Furthermore, mass spectrography (the machine that allow to know the chemical composition of a sample, which for this type of project is critical) is not open source ready (though some attempt were made and were kinda successfull)

I do not have a personal vital need of such project, rest assured. I am still amazed of the work, dedication and selflessness that make this possible.

For thoses that want clarification. Endotoxins are toxins that are present on the surface of bacteria. On ingestion it provoke an immune response like fever or likely an anaphylactic choc that can lead to death.

[-] tristynalxander@mander.xyz 1 points 22 hours ago

For thoses that want clarification. Endotoxins are toxins that are present on the surface of bacteria. On ingestion it provoke an immune response like fever or likely an anaphylactic choc that can lead to death.

Just to add a bit of practical information (in case somebody desperate is reading this in five years), they're very hard to separate from other things and tend to stick around largely invisibly. Very small amounts can provoke deadly immune responses. Labs who do make endotoxin free samples often have entirely separate sets of equipment for endotoxin free preps.

What we really need for companies or non-profits to take the expired patent versions of these drugs and produces them cheaply and safely.

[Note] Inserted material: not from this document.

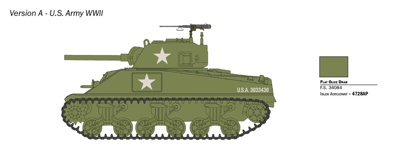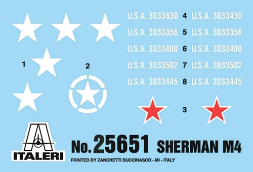 Zestaw umożliwia zbudowanie dwóch wersji czołgu Sherman M4: amerykańską i radziecką, za pomocą dołączonych naklejek.

[-] BeatL@pawb.social 0 points 4 days ago

depend on the type of work or project you want to do multiples options exist. But i believe no project are science specific oriented so you will have to describe your search term in more mundane terms.

i could recommend you open flexure. An open source 3d printable microscope. https://openflexure.org/

The YouTube channel "the thought emporium" is open source friendly and very DIY, shoot them an email. (they automated pipeting work)

You can look for local hackerspace. Some folk there are stupidly creative and knowledgable.

I know multiples robots arm project exist but they assume you got some 3D printer. refer yourself to some hackerspace/makerspace

If you have any luck, or found any goldmine tell us !!!